Friday, April 22, 2005

friday nights and the lights are low
looking out for the place to go
night is young and the music's high


it's friday night and i just came home from studying at somewhere nice and rather peaceful. and i met up with weiting. wait, i waited almost two hours for her okay. ohwell, i wonder what i'm doing. it's rare that i'm home this early on a friday night. but the damn mid years are in two weeks time and i need to do well desperately, so i shall not complain.

the worst things about exams is that it stretches to two over weeks. and by the time it ends, it'll be this time of the month again in may. which is still one whole month from now. why can't they just slot the subjects with two papers into one day? it's like making it seem so long. and yes, i hate it.
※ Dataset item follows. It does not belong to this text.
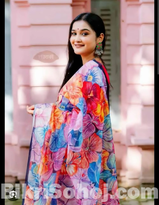 এটি একটি অত্যন্ত আকর্ষণীয় সিল্ক শাড়ি, যার গায়ে রঙিন ফুলের মনোমুগ্ধকর ডিজাইন করা আছে। প্রতিটি ফুলের প্যাটার্ন শাড়িটিকে করেছে আরও বর্ণিল ও আভিজাত্যময়। হালকা ও আরামদায়ক এই সিল্ক শাড়িটি আপনাকে দিবে স্টাইলিশ লুক এবং যেকোনো উৎসব বা পার্টিতে আলাদা করে তুলবে। - শাড়ির সাথে থাকছে ম্যাচিং ব্লাউজ পিস, যা আপনার সাজকে করবে আরও সম্পূর্ণ ও গ্ল্যামারাস। - বিশেষত্বঃ প্রিমিয়াম কোয়ালিটির সিল্ক ফেব্রিক রঙিন ফুলেল ডিজাইন আকর্ষণীয় ও আরামদায়ক পরিধানযোগ্য উৎসব, পার্টি ও বিশেষ অনুষ্ঠানের জন্য উপযোগী

yes, i'm feeling damn depress recently. mid-years are coming, friends problems, granddad's hospitalised, getting scolded everyday at home, super moodswing and pmsy and the worst thing is, i'm getting baptised and i think i don't deserve to, cause i've drifted so much from God. i just feel as though i can't stay at home. i feel so condemned by the world. i'm sick and tired. so don't ask me why, just leave me alone, all of you. it'll do me alot better then all of you pestering me and asking me if i'm alright. thanks for the concern, but i really need the quiet. and i tell you now, i'm not okay. so leave me alone. please. please.